My father has the coupe version (E86) and it really is a nice car. The long bonnet and squat, muscular proportions go so well with the swooping fastback shape that gives the car an almost classic sports car look. His isn’t the fire-breathing, ultra desirable Z4M variant but you’d better believe that the 3.0 N52B30 straight-six under that huge bonnet can deliver a massive shove…as well as a big grin on the driver’s face.
The E65 was one of the more shocking designs to emerge from Bangle’s reign at BMW’s design offices. It was a car that looked nothing at all like its conservative predecessor and in that sense, it achieved the BMW board’s wishes to move the design direction of its cars into the future. The controversy was real however, especially at the rear end of the car where the strange (shocking even, for 2001) elongated boot horrified many, leading critics to label it the “Bangle Butt”. As with the E60 5-Series, I too did not like this car when it first launched. The design was just so different and in-your-face. I couldn’t stand the car.

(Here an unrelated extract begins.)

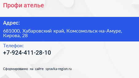 Профи, ателье по адресу 681000, Хабаровский край, Комсомольск-на-Амуре, Кирова, 28 в дальнейшем Организация, размещена в следующих категориях:

But as with the E60, that bold design philosophy is exactly what has made the E65 7-Series age fantastically in my opinion. I don’t look twice at the current 7-Series or the model it replaced but when I see an E65 cruising by, I can’t help but look. I hated it in period but the current, ultra-safe design direction at BMW has given me newfound appreciation for cars like the E65 and made me realise how lucky we really were to witness these risks being taken. Sometimes though, you can’t appreciate what you have until you lose it.
Another radical design that sported a “Bangle Butt”, the E63 6-Series was as different as you could possibly get from the original, much-loved 6-Series (E24). Big, beefy and with a bruiser persona, the E63 was another controversial design that – again – I felt enormously turned-off by back in 2004. Like the 7-Series, I could only look at it and think “what the hell are they doing?“. It was fugly and struck me as a mish-mash of design elements colliding in the worst possible way.
Surprise, surprise, the E63 has the polar opposite effect on me today in 2019. It turns me on like modern BMWs simply can’t. As I mentioned in the intro to this article, I do like the Gran Coupe (F06) body style of the more recent 6-Series but nothing is a dramatic and statement-making as the E63, especially in M6 mode – a true monster with planet-sized alloys and that masterpiece that is the 5.0 S85B50 V10 engine. Will we ever see such a radical design again? Never say never but I feel that it’s unlikely which is a shame.
To quote myself from this very post:
“Sometimes though, you can’t appreciate what you have until you lose it.”
I feel that this is the best way I can sum up the Bangle years at BMW. Obviously, I am very much aware of the concepts of maturity, rose-tinted vision and older stuff looking a lot better in light of newer offerings but despite that, I’m still fascinated by how horrible these cars seemed to many of us in their day and how fantastic they look NOW. Looking at the German automotive industry today, it’s almost unthinkable to imagine that a giant like BMW – that values consistency and inoffensive design language – would have once permitted a man to wipe the slate and trade in Evolution for Revolution in such a blunt manner. I’m glad that they did though because the cars I’ve covered here have aged superbly in my opinion and make highly tempting purchases on the second-hand market.
What do you think? Have you always hated the Bangle era? Did you appreciate it from the very beginning, waiting for the rest of the world to catch up? Or were you like me and changed your stance over time?